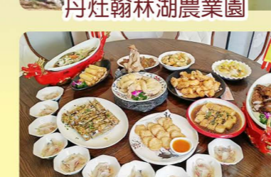
丹灶翰林湖農業園 順德功夫魚+九江龍船宴

Day 1 深圳指定關口集合→乘坐國內旅遊車→廣州→午餐【鼎盛私廚大魚四食宴】→海上絲綢之路“粵海第一關”【黃埔古巷】→乘坐廣州獨有最美七公里【有軌電車】(穿越花城春天花海觀景長廊及珠江兩岸璀璨美景)→重本包乘 珠江日落霞遊船 (全程約 1 小時, 沿途觀賞珠江兩岸美景、獵德大橋、“小蠻腰”廣州塔等)→晚餐【廣府粵韻味道家宴】→入住酒店→酒店附近行街、宵夜很方便 溫馨提示: 珠江遊船票採用實名制, 報名時需提供【回鄉證: 姓名、證件號及出生年月】
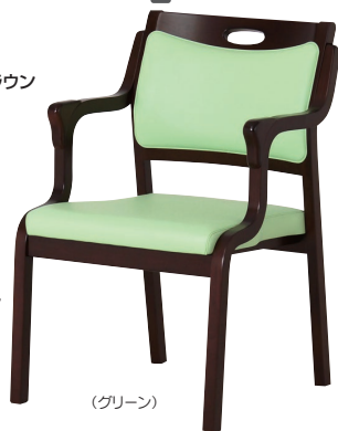
フレーム:ブラウン
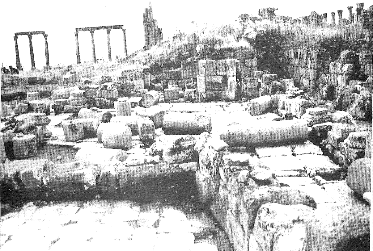
المسجد الاموي في جرش بعد التنقيب
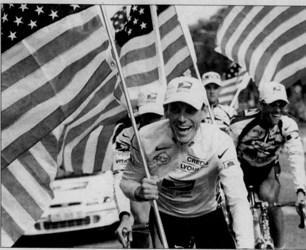
La victoire de Lance Armstrong a été l'occasion de faire parader les drapeaux américains.

Cent vingt-huit coureurs sur les cent soixante-dix-sept partis du Futuroscope le 1 er juillet, ont rallié Paris, au terme des 3662 kilomètres de l'épreuve qui a retrouvé une très grande audience auprès du public.

***

**What is required:** What is needed is every line from the one with "珠江遊船票採用實名制, 報名時需提供【回鄉證: 姓名、證件號及出生年月】" to the final line of the listing above, set down exactly and with the pictures left out.

**Exercise answer:**
Day 1 深圳指定關口集合→乘坐國內旅遊車→廣州→午餐【鼎盛私廚大魚四食宴】→海上絲綢之路“粵海第一關”【黃埔古巷】→乘坐廣州獨有最美七公里【有軌電車】(穿越花城春天花海觀景長廊及珠江兩岸璀璨美景)→重本包乘 珠江日落霞遊船 (全程約 1 小時, 沿途觀賞珠江兩岸美景、獵德大橋、“小蠻腰”廣州塔等)→晚餐【廣府粵韻味道家宴】→入住酒店→酒店附近行街、宵夜很方便 溫馨提示: 珠江遊船票採用實名制, 報名時需提供【回鄉證: 姓名、證件號及出生年月】
フレーム:ブラウン
المسجد الاموي في جرش بعد التنقيب
La victoire de Lance Armstrong a été l'occasion de faire parader les drapeaux américains.

Cent vingt-huit coureurs sur les cent soixante-dix-sept partis du Futuroscope le 1 er juillet, ont rallié Paris, au terme des 3662 kilomètres de l'épreuve qui a retrouvé une très grande audience auprès du public.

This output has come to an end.